RelocatorRelocator Sun 16-Mar-14 10:09:57

Thanks Have - no it's not in Earley!

specialsubject Sun 16-Mar-14 10:11:44

the appliances should be very low down on your list.

flood risk? Does it get any sun? Soundproofing (as you mention) Solidly built - e.g beams in the roof big enough, not 'only just big enough'?

it may well be fine but look past the shiny things. They may be there to distract you.

RelocatorRelocator Sun 16-Mar-14 10:23:22

Good point special How would I find out about the beams? There is a bedroom in the loft so it's all plastered.

I do worry a bit about snagging and plumbing and stuff. There are several bathrooms (too many really, I may lock some doors grin ) and my worry would be whether the boiler and plumbing is actually up to them all being used at once.

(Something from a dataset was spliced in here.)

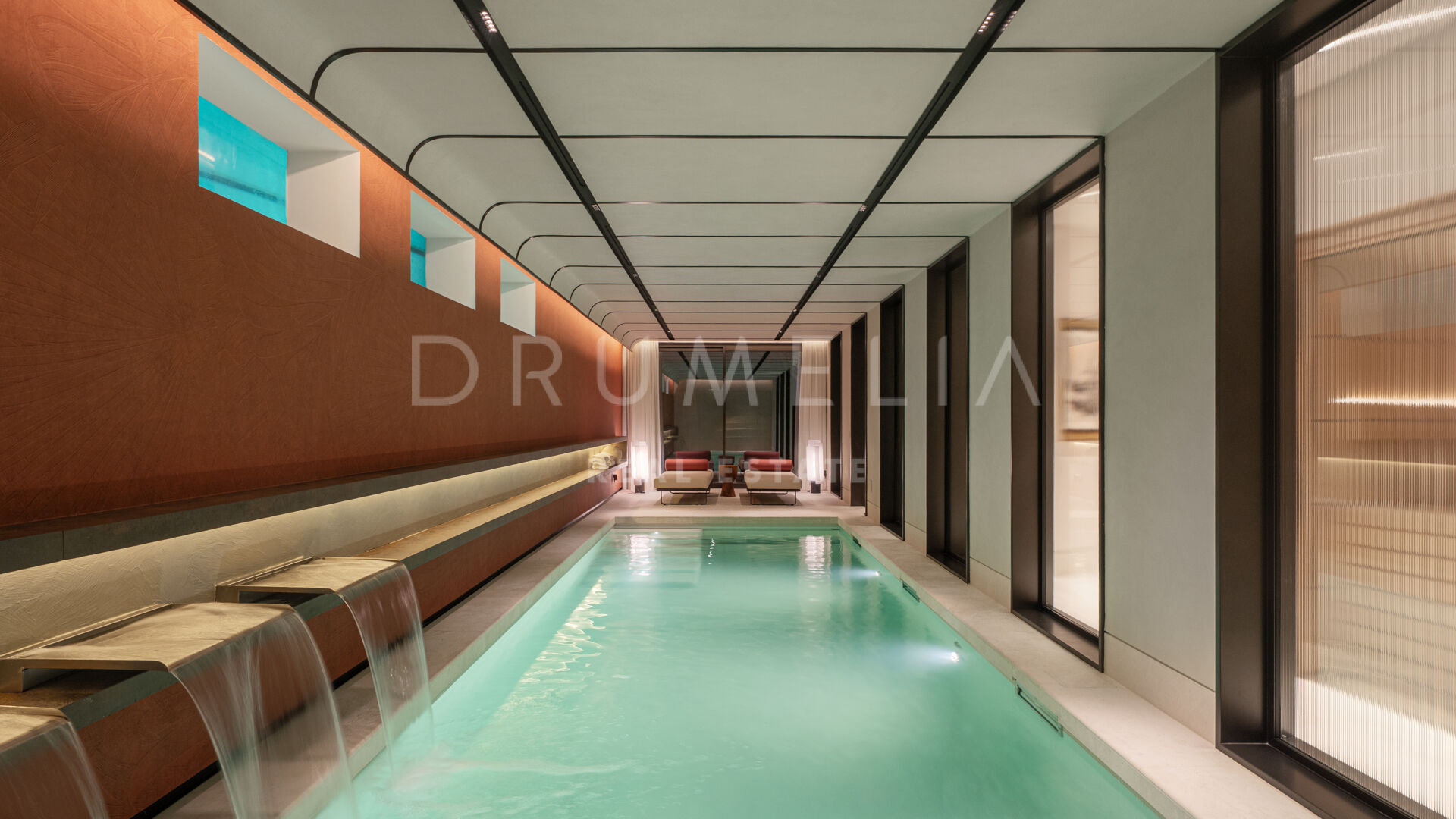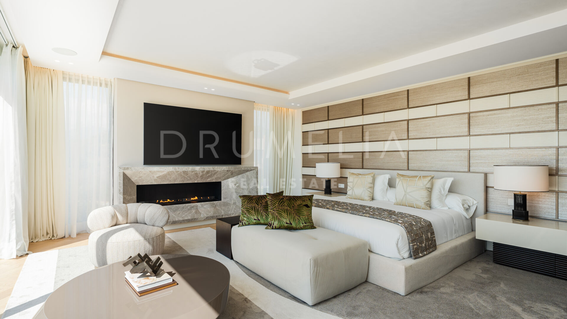 Villaen strekker seg over tre etasjer, koblet sammen med heis. Hovedetasjen har lyse, åpne oppholdsrom hvor kjøkken, spisestue og stue flyter sømløst ut mot en stor terrasse med utsikt over hagen og bassenget. Et fullt utstyrt sekundært kjøkken og to gjesterom med eget bad kompletterer etasjen. Hvert element gjenspeiler Pedro Peñas elegante interiørdesign, med skreddersydde møbler, myke teksturer og utvalgte kunstverk.

I only mentioned the appliances as our current house had had the kitchen done up by previous owners but the cooker is crap and yet I can't justify changing it. Better decent appliances than rubbish ones surely?

One of the other two houses already has a family living in it - do you think it would be OK to knock on their door and ask them how they are finding it?

RelocatorRelocator Sun 16-Mar-14 10:24:58

Garden is south-south east facing so it should get a reasonable amount of sun. Would want to go back in the afternoon (we viewed at lunchtime) to see what it's like then.

Flood risk I think would be low but obviously something to check out with any house these days.

mrsddoodle Sun 16-Mar-14 12:06:31

Have lived in both styles of houses. New builds definitely cheaper to live in, with regards maintenance costs, bills, efficiencies. The NHBC warranty provides some peace of mind for 10 years at least.

I did find it a bit harder to put our own mark on a new build home, as ours already had everything chosen, ie, the kitchen, bathroom, tiles etc.
But we've put in a log burning stove, decorated rooms with colours other than magnolia, and we are getting there.

And we once bought a semi new build, which was a disaster, as the sound proofing was terrible.

I think it depends on if you are the type of person that likes a project as if everything is done it could be a little boring. I like the idea of having a project and home improvements to look forward to, but in reality don't have the time or patience, so a new build is a better option.

Glasshammer Sun 16-Mar-14 12:13:19

I think often the asking price is a little high. New build sold in my area didn't seem to hold their high value when resold years later, while in other locations they have being more sought after when resold

HaveToWearHeels Sun 16-Mar-14 17:33:27

Glasshammer, we bought ours in August 2007 (although didn't move in until a year later), just weeks before the bank crisis, it was marketed at £465k and we got it for £425k. We were a bit nervous when we came to remortgage as it is a pretty difficult house to put a value on (although a 4 bed we have two rooms in the roof which could be used as bedrooms/study/gym/den, but we have just had it valued at £500k.

specialsubject Sun 16-Mar-14 18:04:26

the bathroom issue is entirely valid - we sold our house to someone who was delighted to have fewer bathrooms even with a family!

please check flood issues thoroughly. Thinking of the brand new estate near me which was entirely flooded before some of the houses were even finished. Developers do not care.

I hope it is ok though!

CrapBag Mon 17-Mar-14 11:31:28

I don't know if this is the case everywhere, but we have a few new developments where I live and the prices of them are utterly ridiculous.

They are trying to do up old shabby rough areas and make them nicer but even with the new houses, there are still a lot of the old ones there with the same tenants in. IMHO they are not worth anywhere near the price that they are charging for them.